Collateral warranties and no greater liability

Legal & General Assurance Society v Halliday Fraser Munro [27.08.25]

This article was co-authored by Emily Chetwood, Trainee Solicitor.

Typically, when signing a collateral warranty, it was often assumed that the party entering into the collateral warranty in favour of a beneficiary would have the same legal protections as were under the original contract. However, the recent decision in this landmark Scottish case confirms that this may not be the case.

This judgment is likely to be all the more significant to construction professionals whose professional indemnity policies often provide that collateral warranties are only insured if they do not create any greater liability than under the original underlying contract.

Before we summarise the case and consider impacts, here is a brief definition of a collateral warranty.

A collateral warranty in a construction project is a legal agreement where a party involved in delivering a project, like a contractor or consultant, grants contractual rights to a third party with an interest in the project, such as a funder, buyer, or tenant (a “beneficiary”). 

This creates a direct contractual link between the warrantor and the beneficiary, allowing the beneficiary to sue the party that provides the collateral warranty for losses caused by a breach of their obligations under the original underlying contract. It provides recourse to third parties who would not otherwise have a direct contractual relationship with the contractor or consultant.

The facts

Union Plaza is an office building in Aberdeen which completed in 2008. The original owner was Stewart Milne Central Ltd (‘SMC’), and the architects were Halliday Fraser Munro (‘HFM’). SMC then sold it to Union Plaza Limited Partnership (‘UPLP’) who then sold it to Legal and General Assurance (Pensions Management) Ltd (‘L&G’) in 2013 (the second purchasers).

In January 2014, HFM granted a collateral warranty in the favour of L&G which became central to the proceedings brought against the architecture firm. The Dispute

L&G subsequently discovered multiple significant defects including the design of the protective paint, insulation problems and the inspection of said works. L&G issued proceedings against HFM in December 2018 alleging they breached their duty and obligations to exercise reasonable skill and care.

HFM argued that the five-year prescriptive period under the Prescription and Limitation (Scotland) Act 1973 meant that L&G were out of time to bring the claim. Typically, time begins to run at practical completion and parties have often treated collateral warranties as ancillary extensions of the original contract. However, the ruling reached by the Inner House on an appeal brought by HFM, departs significantly from this.

Court Ruling

The main issue highlighted was whether the collateral warranty had the same prescriptive period as that of the original contract.
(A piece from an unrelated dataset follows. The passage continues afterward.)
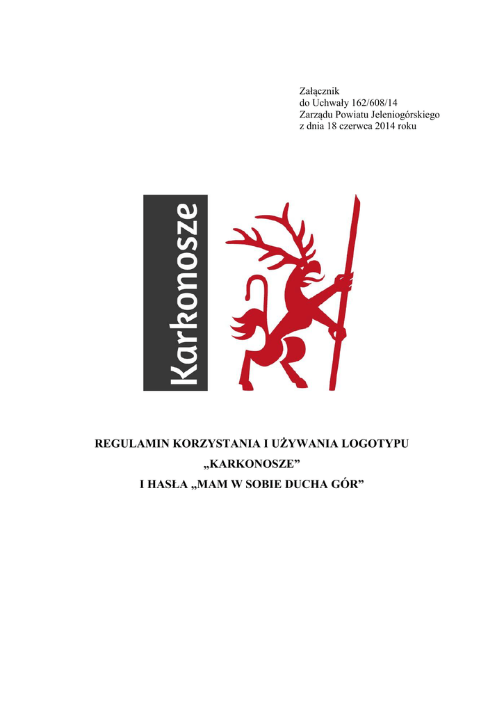 Załącznik do Uchwały 162/608/14 Zarządu Powiatu Jeleniogórskiego z dnia 18 czerwca 2014 roku REGULAMIN KORZYSTANIA I UŻYWANIA LOGOTYPU „KARKONOSZE” I HASŁA „MAM W SOBIE DUCHA GÓR” §1 PODMIOT PRAWA 1. Właścicielami logotypu „Karkonosze” i hasła „Mam w sobie ducha gór” są strony „Porozumienia w sprawie wzajemnej współpracy w zakresie wspólnej promocji turystycznej”: Powiat Jeleniogórski, Gmina Janowice Wielkie, Gmina Jeżów Sudecki, Gmina Mysłakowice, Gmina Podgórzyn, Gmina Miejska Piechowice oraz Miasto Jelenia Góra, Miasto Karpacz, Miasto Kowary, Miasto Szklarska Poręba. 2. Właściciele posiadają wszelkie prawa autorskie i pokrewne do logotypu KARKONOSZE i hasła MAM W SOBIE DUCHA GÓR. Korzystanie i używanie logotypu i hasła bez zgody Właścicieli pociągają za sobą odpowiedzialność przewidzianą stosownymi przepisami prawa. §2 PRZEDMIOT REGULAMINU 1. Przedmiotem Regulaminu jest logotyp marki Karkonosze składający się z symbolu Ducha Gór i nazwy „Karkonosze” oraz hasło „Mam w sobie ducha gór”. 2. Logotyp marki Karkonosze stanowi graficzny element systemu zewnętrznej identyfikacji Karkonoszy. 3. Logotyp i hasło mogą być wykorzystywane i używane wyłącznie w celach promocji Karkonoszy na rynkach zagranicznych oraz na rynku krajowym. 4. Właściciele nie zezwalają na korzystanie i używanie logotypu oraz hasła bez uzyskania zgody. 5. Logotyp oraz hasło mogą być umieszczane wyłącznie na nośnikach służących promocji Karkonoszy takich jak: druki, ulotki, filmy i spoty reklamowe oraz inne środki audiowizualne; strony internetowe, plansze, roll-up’y, prezentacje multimedialne, systemy wystawiennicze, materiały przygotowane na konferencje, seminaria, sympozja, szkolenia i inne. 6. Korzystanie i używanie z logotypu oraz hasła na własnych produktach lub materiałach promujących produkt wymaga uzyskania zgody Właścicieli. 7. Logotyp i hasło nie mogą być wykorzystywane i używane w celach nie zgodnych z niniejszym regulaminem. §3 LOGOTYP 1. Logotyp występuje wyłącznie z nazwą w języku polskim. 8. Logotyp może być stosowany w trzech wersjach: - podstawowej - to symbol w kolorze bordowym (Pantone 187C) i nazwa „Karkonosze” w kolorze białym (Pantone Opaque White), na szarym tle (Pantone Black 7C),; - pozytywowej - to symbol w kolorze szarym (Pantone Black 7C) lub czarnym (Pantone Process Black) na białym tle (, Pantone Opaque White), - negatywowej - to symbol w kolorze białym (Pantone Opaque White) na czarnym tle (Pantone Process Black), 9. Podstawowymi kolorami logotypu są bordowy i szary oraz barwa biała, wskazana w załączniku nr 1 do Regulaminu. 10. Proporcje znaku względem układu typograficznego i elementów graficznych (wskazane w załączniku nr 1 do Regulaminu) są stałe i nie mogą być w żaden sposób skalowane. 11. Typografią zastosowaną w logotypie jest krój Amaranth Regular, a budowa znaku określona jest w załączniku nr 1 do Regulaminu. 12. Zabroniona jest jakakolwiek ingerencja w konstrukcję Logotypu. §4 SPOSÓB UŻYWANIA ZNAKU 1. Logotyp Karkonosze należy umieszczać w wielkości zapewniającej czytelność i jego właściwe wyeksponowanie. 2. Logotyp powinien być zawsze otoczony polem ochronnym, wokół którego nie należy umieszczać żadnych napisów i elementów graficznych. 3. Konstrukcja pola ochronnego opiera się na szerokości szarego pola, na którym umieszczona jest nazwa „Karkonosze”. 4. Minimalna wielkość logotypu gwarantująca jego czytelność to 16,4 mm x 15 mm. 5. Niedozwolone jest stosowanie znaku na tle jednobarwnym o zbyt niskim kontraście. 6. Niedozwolone jest stosowanie znaku na tle z gradientem, wzorem lub na zdjęciu bez białego pola ochronnego. 7. Dozwolone jest stosowanie znaku, umieszczonego na białym polu ochronnym, na tle wielobarwnym. §5 HASŁO 1. Hasło „Mam w sobie ducha gór” występuje w czcionce Naomi Sans. 2. Typografią stosowaną w akcydensach jest krój Naomi Sans w odmianach Light, Regular, Medium, Bold oraz w kursywie dla każdej z w/w rodziny, określony w załączniku nr 2 do Regulaminu. §6 POZOSTAŁE ELEMENTY 1. Elementami z rodziny znaku Karkonosze są symbole pod nazwą: a) KULTURA – fiolet – ośrodki kultury, muzea, zespoły, lokalni twórcy, rzemieślnicy; b) RODZINA – zielony – miejsca wypoczynku dla rodzin, dedykowane szlaki i wycieczki; c) ODBUDOWA – niebieski – SPA, uzdrowiska, samotnie, miejsca magiczne; d) EXTREME – szlaki, zawody, ośrodki sportowe, rajdy; 2. Budowa elementów z rodziny znaków Karkonosze określona jest w załączniku nr 3 do Regulaminu. §7 UPRAWNIENI 1. Strony „Porozumienia w sprawie wzajemnej współpracy w zakresie wspólnej promocji turystycznej”: Powiat Jeleniogórski, Gmina Janowice Wielkie, Gmina Jeżów Sudecki, Gmina Mysłakowice, Gmina Podgórzyn, Gmina Miejska Piechowice oraz Miasto Jelenia Góra, Miasto Karpacz, Miasto Kowary, Miasto Szklarska Poręba. 2. Powiat Jeleniogórski, ul. Kochanowskiego 10, 58-500 Jelenia Góra, działający w imieniu stron „Porozumienia w sprawie wzajemnej współpracy w zakresie wspólnej promocji turystycznej” Gminy Janowice Wielkie, Gminy Jeżów Sudecki, Gminy Mysłakowice, Gminy Podgórzyn, Gminy Miejskiej Piechowice oraz Miasta Jelenia Góra, Miasta Karpacz, Miasta Kowary, Miasta Szklarska Poręba może na wniosek udzielić zgody na korzystanie i używanie logotypu „Karkonosze” i hasła „Mam w sobie ducha gór” podmiotom, które spełniają kryteria określone w niniejszym Regulaminie. 3. Korzystać i używać logotyp i hasło mogą na podstawie pisemnej zgody, określającej warunki korzystania i używania logotypu i hasła oraz termin korzystania i używania: 1) organy i jednostki organizacyjne stron wymienionych w §7 ust. 1, 2) inne podmioty m.in. osoby fizyczne, osoby prawne, organizacje pozarządowe (stowarzyszenia, fundacje), organizacje i instytucje kulturalne, sportowe stron wymienionych w

The court ruled that the purpose of a collateral warranty is to give subsequent purchasers, such as L&G, a direct contract with the architect so that if problems did arise, they would have a means of redress. By entering into the collateral warranty, HFM was essentially making the promise that they had carried out their work to a proper standard. This was a breach of contract, no matter the timing of the collateral warranty.

The court also held that, in this case, the collateral warranty did not contain any wording to import the same time limits as the original contract. ‘No greater duty’ clauses were interpreted as being about the scope of obligation, not about the prescriptive period.

The Inner House held that the collateral warranty was in fact a standalone contract which established a time period starting from the date it was signed. Therefore, the claim was valid as it fell within the five-year time period.

Key takeaways

  • A collateral warranty can stand alone and doesn’t simply mirror the original contract.
  • Unless express wording is used, collateral warranties do not automatically incorporate the same defences as the initial contract.
  • In isolation, the “no greater duties clause” limits the scope of obligations but do not limit the duration of liability. No greater liabilities clauses (properly expressed as being in respect of all of quantum, scope, limitation and duration) however should do.
  • In the absence of wording to the contrary, the limitation period may run from the date the warranty is signed and not the practical completion date.
  • While this was not discussed , due to the wording of many Professional Indemnity policies, collateral warranties which do not contain “no greater liabilities/duties” clauses may not be covered by insurance.

Comment

Whilst governed by  Scots law, this ruling may be applied by the English courts.  We therefore recommend parties use clear wording to limit liability to the original underlying contract under a ‘no greater duties/liabilities’ clause.  Failing which, parties giving collateral warranties risk facing greater liability than under the original underlying contract.